Deep RL models are input-output display machines, like any other classification or regression models. Instead of categorizing images or text, deep RL models lead states to actions and / or states to state values. A2C does both.

This state-action-reward set constitutes one observation. She will write this line of data in her journal, but she is not going to think about it yet. She will fill it when she stops to think.

Some authors associate reward 1 with a time step of 1, others associate it with step 2, but all mean the same concept: reward is related to the state, and the action immediately precedes it.

Klyukovka repeats the process again. At first, she perceives her environment and produces a function V (S) and a recommendation for action.
')
"Critic": This valley looks pretty standard. V (s) = 19.
"Subject": Action options look very similar. I think I'll just go along track "C".

Further, it acts.

Receives a reward of +20! And records the observation.

She repeats the process again.

After collecting three observations, Klyukovka stops thinking.

Other model families are waiting for the moment of reflection until the very end of the day (Monte Carlo), while others are thinking after each step (one-steps).
Before she can set up her inner critic, Klukovka needs to calculate how many points she actually gets in each given state.

But first!
Let's take a look at how Klukowka's cousin, Lys Monte Carlo, calculates the true value of each state.

Monte Carlo models do not reflect their experience until the end of the game, and since the value of the last state is zero, it is very simple to find the true value of this previous state, as the sum of the rewards received after this point.

In fact, this is just a high dispersion V (S) sample. The agent could easily follow a different path from the same state, thereby obtaining a different aggregate reward.

But Klukovka goes, stops and reflects many times, until the day comes to an end. She wants to know how many points she really gets from each state until the end of the game, because there are several hours left until the end of the game.

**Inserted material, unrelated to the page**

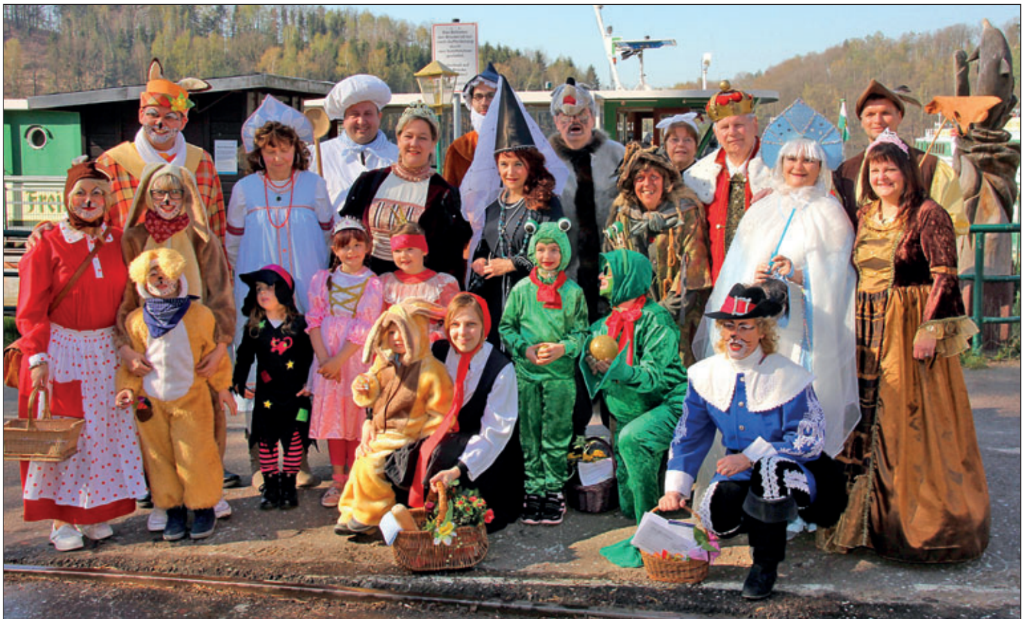
Das Team des Mittelsächsischen Kultursommers freut sich auf ein Wiedersehen im nächsten Jahr!

That's where she does something really clever - Fox Klukovka assesses how many points she gets for the last state in this set. Fortunately, she has the correct assessment of the state - her critic.
With this estimate, Klukovka can calculate the “correct” values of the preceding states exactly as a Monte Carlo one does.

Lees Monte Carlo evaluates target tags by deploying a trajectory and adding rewards ahead of each state. A2C cuts this trajectory and replaces it with an assessment of its critic. This initial load reduces the variance of the estimate and allows the A2C to operate continuously, albeit by introducing a small offset.

Rewards are often reduced to reflect the fact that rewards are now better than in the future. For simplicity, Cranberry does not lower its rewards.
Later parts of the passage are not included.